Source material –
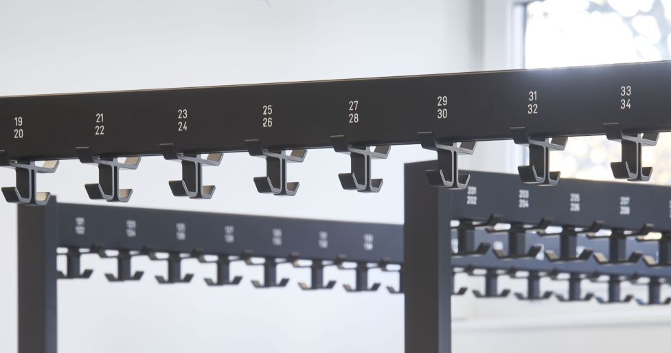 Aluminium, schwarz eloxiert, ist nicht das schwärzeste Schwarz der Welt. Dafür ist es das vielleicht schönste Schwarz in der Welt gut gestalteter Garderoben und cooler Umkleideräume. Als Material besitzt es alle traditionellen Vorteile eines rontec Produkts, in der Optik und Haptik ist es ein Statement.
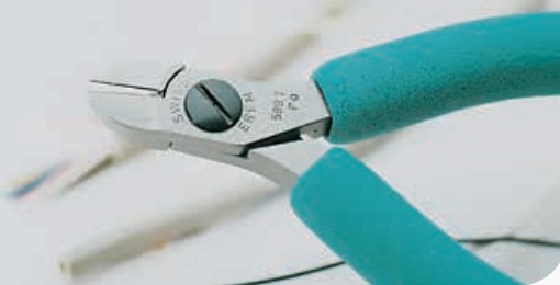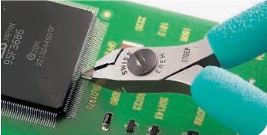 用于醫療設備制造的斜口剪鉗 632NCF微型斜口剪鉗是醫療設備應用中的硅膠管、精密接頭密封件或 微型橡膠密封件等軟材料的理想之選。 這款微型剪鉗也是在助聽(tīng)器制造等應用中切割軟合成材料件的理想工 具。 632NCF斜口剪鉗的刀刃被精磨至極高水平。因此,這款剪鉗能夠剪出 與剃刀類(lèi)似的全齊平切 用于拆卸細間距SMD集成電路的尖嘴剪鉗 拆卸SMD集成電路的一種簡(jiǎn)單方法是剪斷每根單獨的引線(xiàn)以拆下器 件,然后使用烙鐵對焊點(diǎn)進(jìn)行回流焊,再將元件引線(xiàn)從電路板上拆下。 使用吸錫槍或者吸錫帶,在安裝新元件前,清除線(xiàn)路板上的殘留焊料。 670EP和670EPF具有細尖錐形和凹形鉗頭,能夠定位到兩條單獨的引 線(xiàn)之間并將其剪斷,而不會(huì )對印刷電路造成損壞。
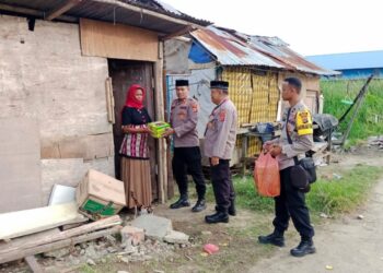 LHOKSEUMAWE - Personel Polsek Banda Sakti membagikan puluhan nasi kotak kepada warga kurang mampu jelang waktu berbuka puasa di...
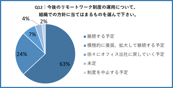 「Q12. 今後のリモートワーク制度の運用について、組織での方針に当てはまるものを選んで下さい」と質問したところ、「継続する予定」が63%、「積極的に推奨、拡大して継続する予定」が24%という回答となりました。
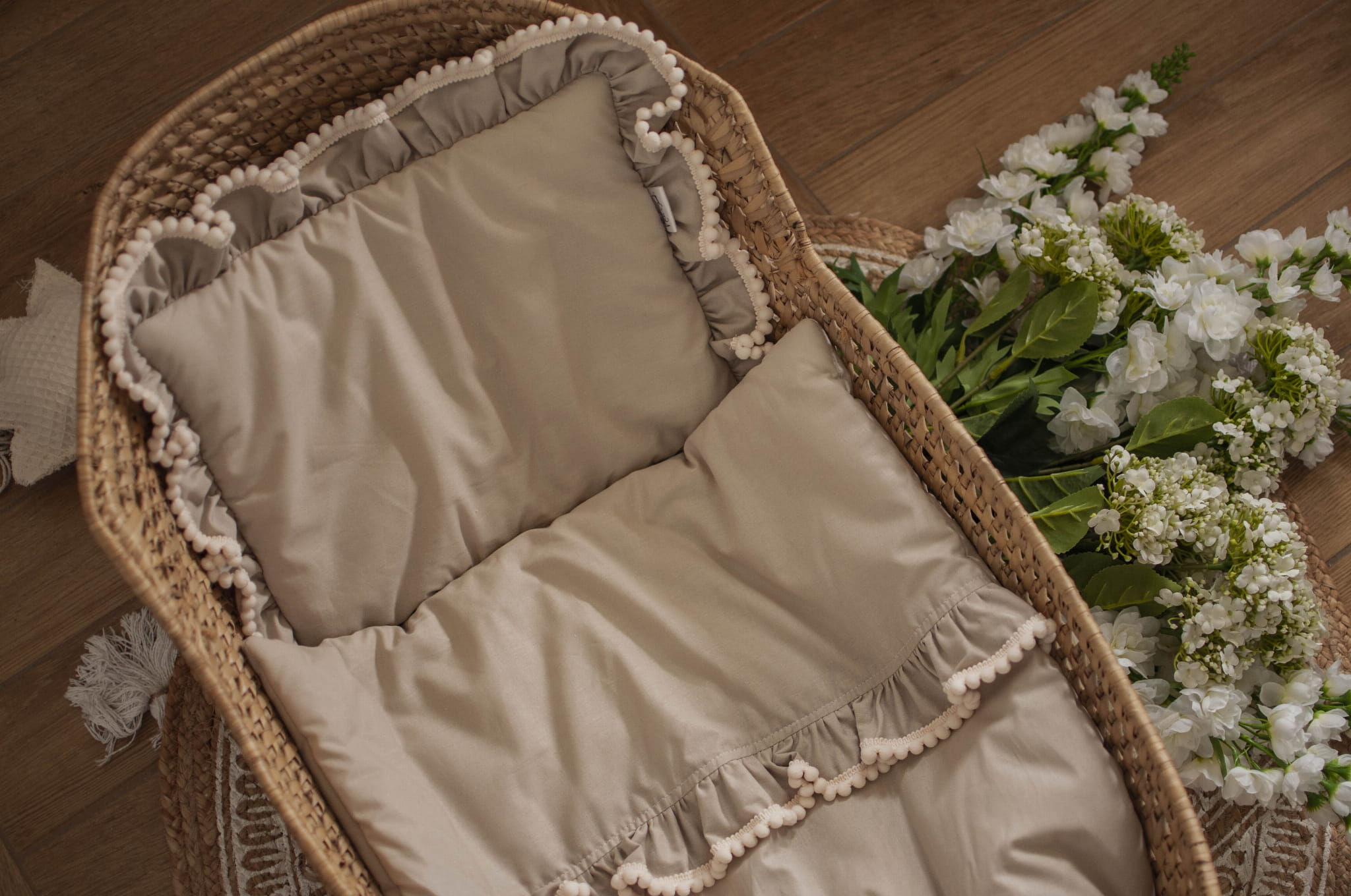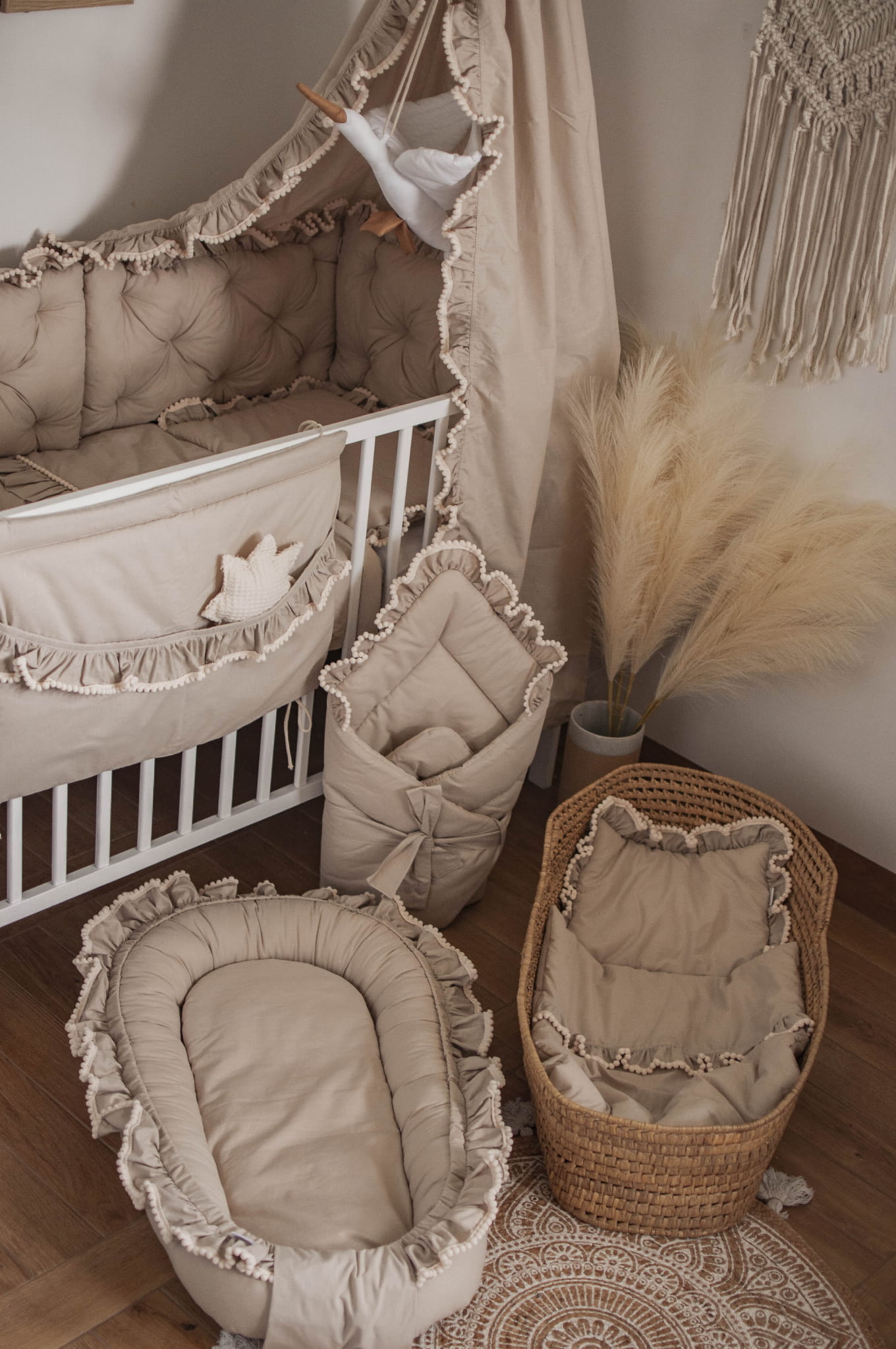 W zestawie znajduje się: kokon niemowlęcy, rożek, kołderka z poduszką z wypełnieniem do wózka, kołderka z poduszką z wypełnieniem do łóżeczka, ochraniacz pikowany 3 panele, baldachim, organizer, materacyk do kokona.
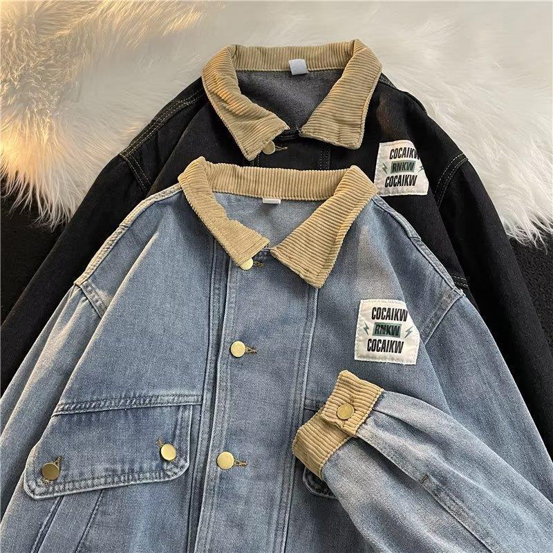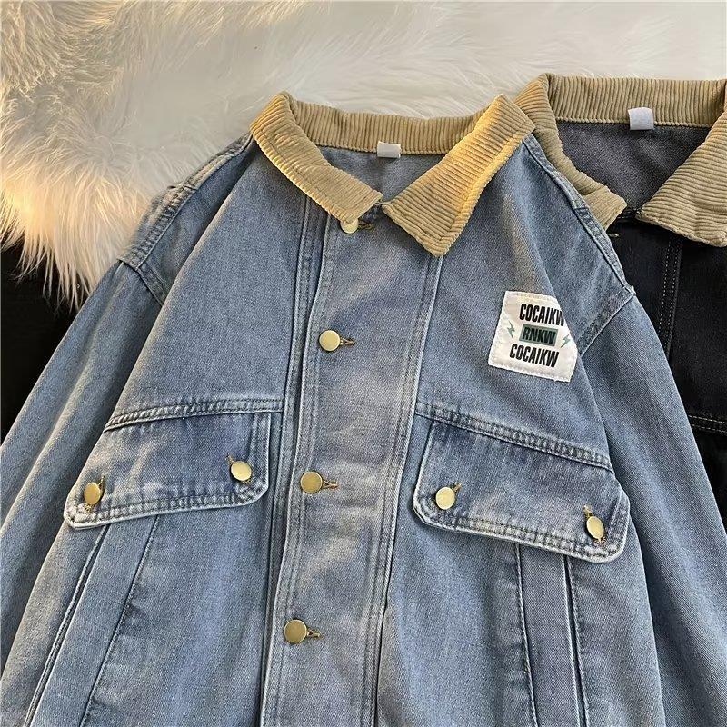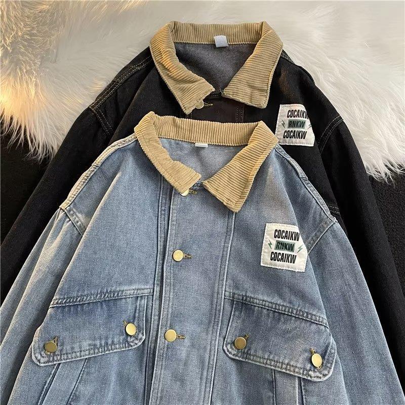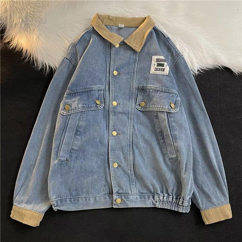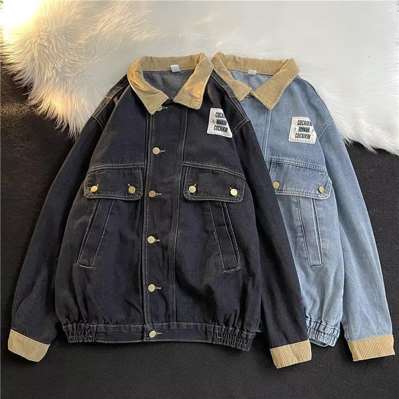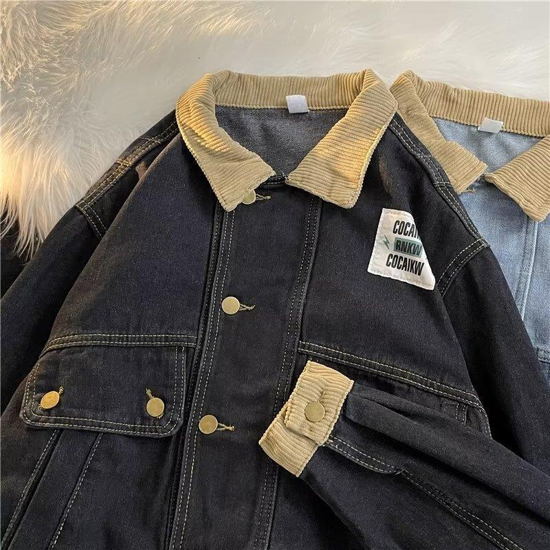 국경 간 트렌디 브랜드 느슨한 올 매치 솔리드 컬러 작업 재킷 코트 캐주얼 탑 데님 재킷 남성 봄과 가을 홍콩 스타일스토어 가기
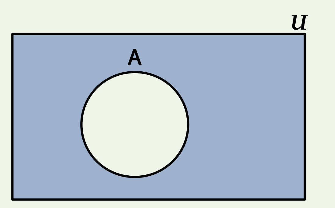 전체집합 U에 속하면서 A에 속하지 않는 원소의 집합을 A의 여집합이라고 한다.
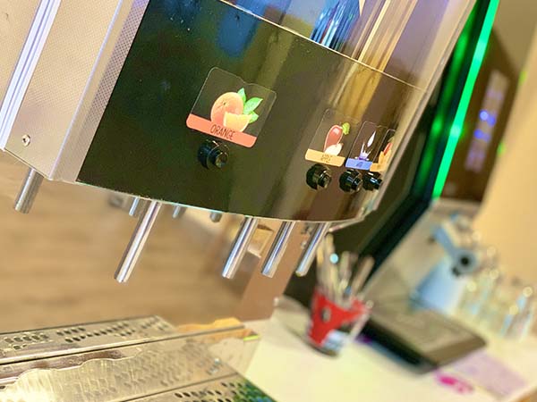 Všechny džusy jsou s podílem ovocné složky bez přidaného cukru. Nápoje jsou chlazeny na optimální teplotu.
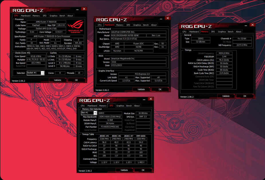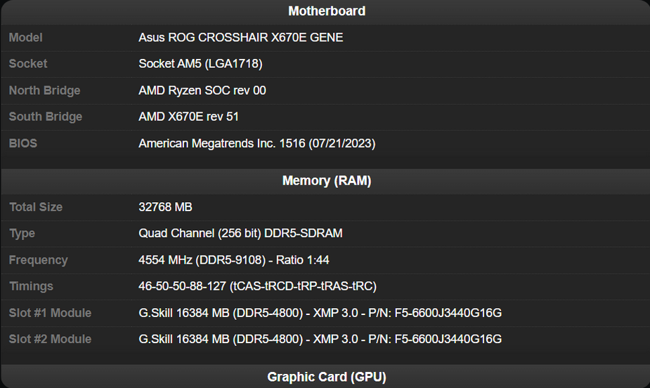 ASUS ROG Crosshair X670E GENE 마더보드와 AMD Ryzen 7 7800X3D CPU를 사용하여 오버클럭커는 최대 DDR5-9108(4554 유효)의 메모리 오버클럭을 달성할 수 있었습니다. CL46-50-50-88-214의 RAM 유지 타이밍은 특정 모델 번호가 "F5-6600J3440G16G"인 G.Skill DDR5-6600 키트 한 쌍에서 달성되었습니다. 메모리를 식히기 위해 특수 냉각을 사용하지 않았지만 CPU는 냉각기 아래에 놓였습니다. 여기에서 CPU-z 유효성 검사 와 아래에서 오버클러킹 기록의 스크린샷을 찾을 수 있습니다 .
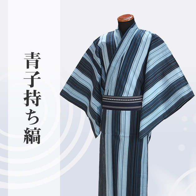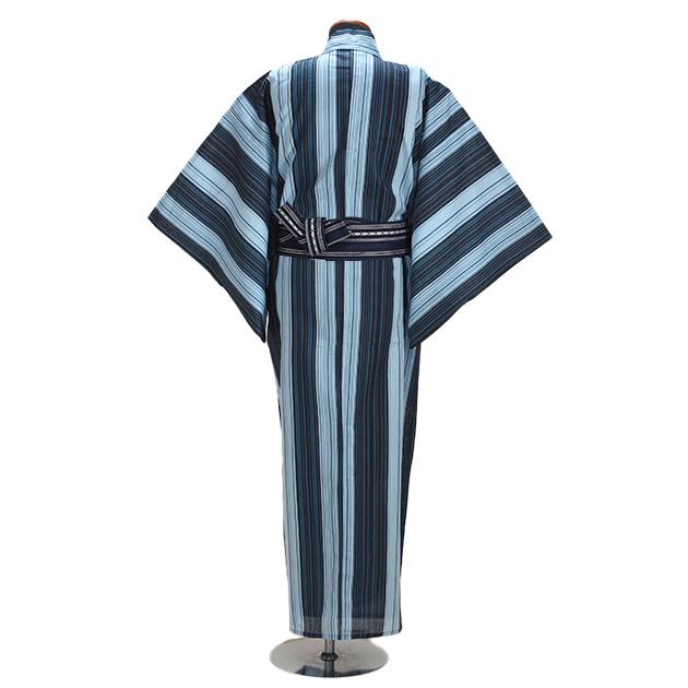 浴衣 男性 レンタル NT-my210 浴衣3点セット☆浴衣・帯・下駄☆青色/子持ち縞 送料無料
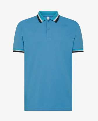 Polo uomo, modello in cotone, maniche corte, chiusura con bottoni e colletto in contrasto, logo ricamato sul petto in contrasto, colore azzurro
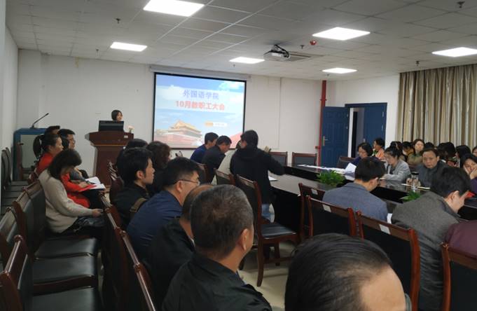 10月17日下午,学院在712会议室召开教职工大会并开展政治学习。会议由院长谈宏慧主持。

Prompt –
Retyped exactly, the lines from the one holding "Všechny džusy jsou" through the last line of the data above are the whole answer. Pictures stay out.

Exercise response –
 Všechny džusy jsou s podílem ovocné složky bez přidaného cukru. Nápoje jsou chlazeny na optimální teplotu.
 ASUS ROG Crosshair X670E GENE 마더보드와 AMD Ryzen 7 7800X3D CPU를 사용하여 오버클럭커는 최대 DDR5-9108(4554 유효)의 메모리 오버클럭을 달성할 수 있었습니다. CL46-50-50-88-214의 RAM 유지 타이밍은 특정 모델 번호가 "F5-6600J3440G16G"인 G.Skill DDR5-6600 키트 한 쌍에서 달성되었습니다. 메모리를 식히기 위해 특수 냉각을 사용하지 않았지만 CPU는 냉각기 아래에 놓였습니다. 여기에서 CPU-z 유효성 검사 와 아래에서 오버클러킹 기록의 스크린샷을 찾을 수 있습니다 .
 浴衣 男性 レンタル NT-my210 浴衣3点セット☆浴衣・帯・下駄☆青色/子持ち縞 送料無料
 Polo uomo, modello in cotone, maniche corte, chiusura con bottoni e colletto in contrasto, logo ricamato sul petto in contrasto, colore azzurro
 10月17日下午,学院在712会议室召开教职工大会并开展政治学习。会议由院长谈宏慧主持。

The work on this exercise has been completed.